Custom Quantization#
Overview#
This document gives an overview of customizable quantization feature in the NxD Inference. Users can specify which modules should not be converted during quantization, allowing custom quantized model inference. Users can take an un-quantized model and apply selective quantization to specific layers while keeping others in full precision.
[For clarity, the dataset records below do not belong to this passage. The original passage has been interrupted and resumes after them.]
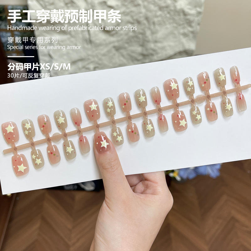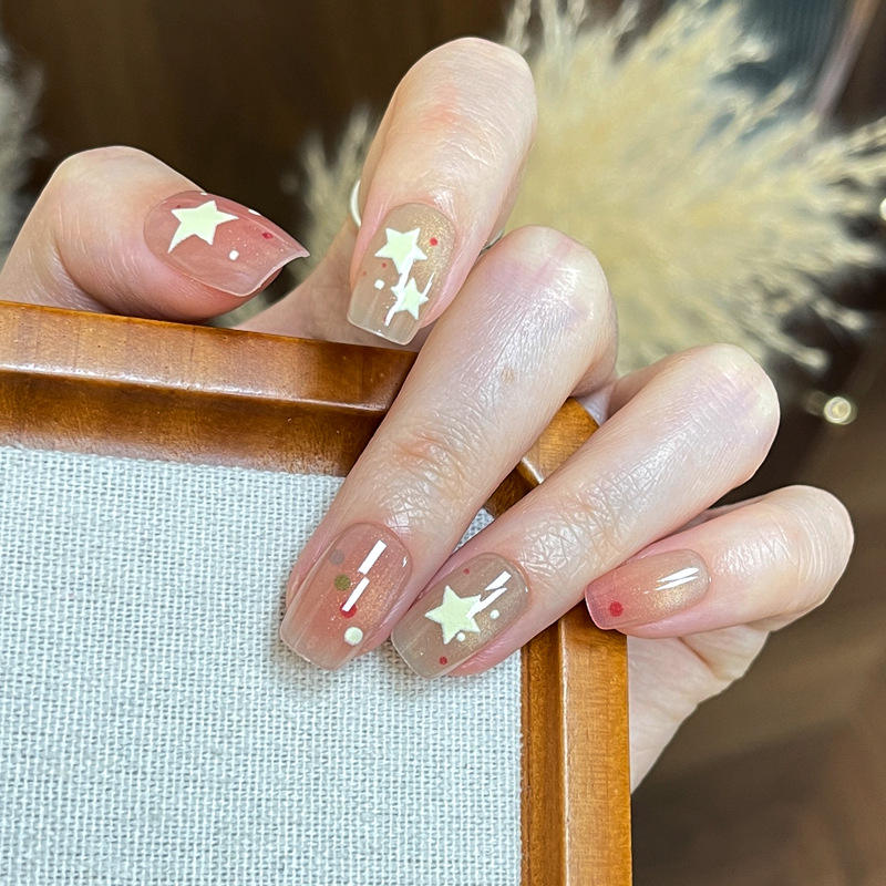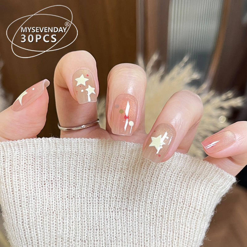 My Seven Days BY2377 Faux ongles courts à coller, faits main, 30 autocollants motif œil de chat, pois et étoiles, style dopamine, mignons et doux, ciel étoilé
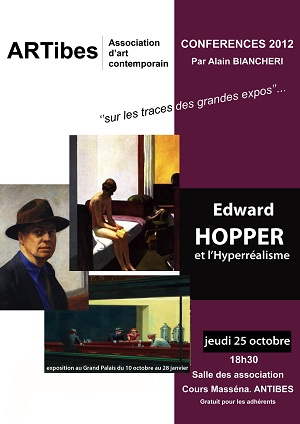 Alain Biancheri vous propose une conférence le 25 octobre à 18h30, salle des Associations, Antibes, sur "Hopper" et l’hyperréalisme américain.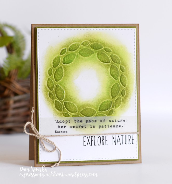 Using the ink blending tools and 3 Distress ink colors, Twisted Citron, Mowed Lawn and Peeled Paint, I added color. I thought it was so cool, I did the same technique (embossing/inking) for my next card but added a kraft color panel with the Leafy Circle cut in it over the top of the ink blended piece. whew… run on sentence.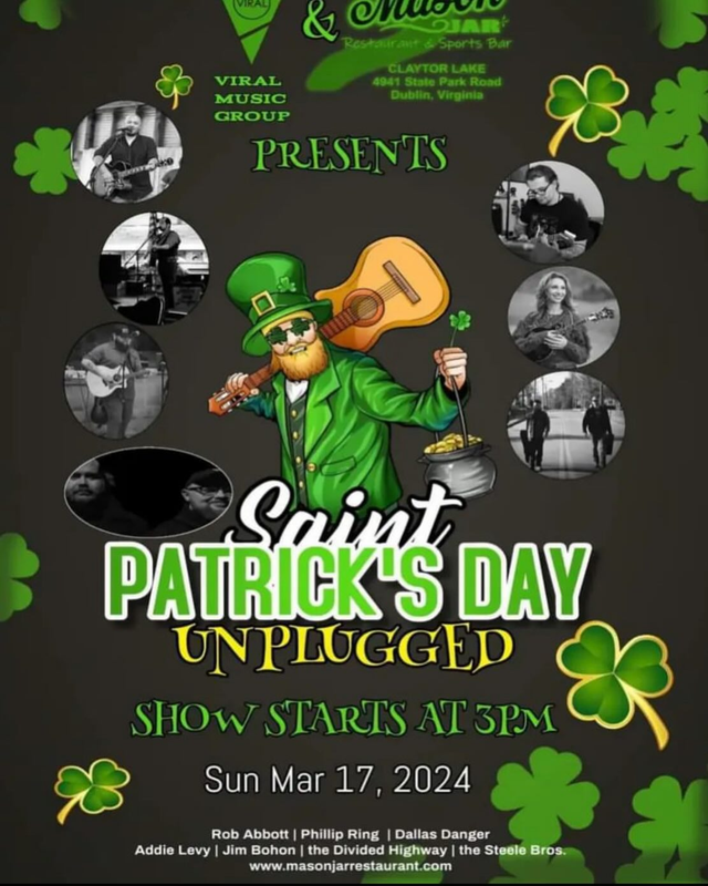 The Mason Jar at Claytor Lake presents Saint Patrick's Day Unplugged with Multiple Bands on Sunday, March 17, 2024.
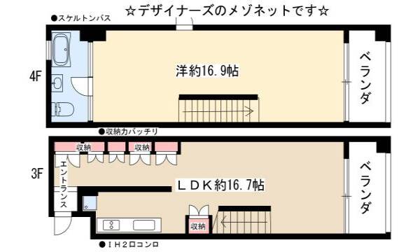 | 設備 | モニター付インターホン / ディンブルキー / 火災報知器 / 陽当り良好 / フローリング / メゾネット / 全居室フローリング / ベランダ・バルコニー / 収納スペース / クローゼット(1ヶ所) / 玄関収納 / 物置 / 下駄箱 / 収納たっぷり / バス・トイレ同室 / シャワー / 給湯 / 3点給湯 / 洗面台 / 洗面所独立 / 洗濯機置き場(室内) / 浴室に窓 / 独立洗面台 / コンロ設置済(2口) / コンロ種類(IH) / システムキッチン / エアコン(1台) / 24H換気システム / CATV(有料) / CATVインターネット | ||

The document also explains how to use external libraries like llmcompressor, including quantization config setup and applying necessary patches. It also covers running inference with quantized models and specifying unconverted modules through either command-line arguments or NeuronConfig kwargs.
Quantization#
Custom quantization allows users to have fine-grained control over which layers of the model are quantized. This can be particularly useful for maintaining model accuracy while still benefiting from the reduced memory footprint of quantization. For more detailed information on quantization techniques and implementation, please refer to the quantization feature guide.
Quantize Using NxD#
Quantization can significantly reduce the model size and inference time, making it more suitable for deployment of large models that typically cannot fit on a single instance. However, not all layers of the model benefit equally from quantization.
Some layers, especially those involved in critical computations like normalizations or certain types of activations, may see a significant drop in accuracy if quantized. Leaving these layers in full precision helps maintain the overall performance of the model.
Quantization can also introduce small errors in each layer’s computation. When these errors accumulate through the network, they can lead to a noticeable degradation in performance. Keeping certain layers in full precision can mitigate this accumulation.
To leverage the customizable quantization feature in NxD, follow the steps below. This process involves importing necessary libraries, defining the model and output paths, specifying modules to not convert, and utilizing a quantization function to create a quantized model.
import torch
from typing import Optional, List
from transformers import AutoModelForCausalLM, AutoTokenizer
from neuronx_distributed_inference.modules.checkpoint import prune_state_dict,save_state_dict_safetensors
from neuronx_distributed.quantization.quantization_utils import quantize_pytorch_model_per_channel_symmetric, convert_qint8_to_int8_state_dict
model_path = "/<model_path/llama-3.1-405b-instruct-4layers/"
output_path = "<save_quantized_checkpoints>"
modules_to_not_convert = [
"lm_head",
"layers.0.self_attn",
"layers.1.self_attn",
"layers.2.self_attn",
"layers.1.mlp"
]
def quantize(model: torch.nn.Module, dtype=torch.qint8, modules_to_not_convert: Optional[List[str]] = None) -> torch.nn.Module:
quant_model = quantize_pytorch_model_per_channel_symmetric(model,dtype=dtype, modules_to_not_convert=modules_to_not_convert)
model_quant_sd = quant_model.state_dict()
convert_qint8_to_int8_state_dict(model_quant_sd)
quantized_state_dict = prune_state_dict(model_quant_sd)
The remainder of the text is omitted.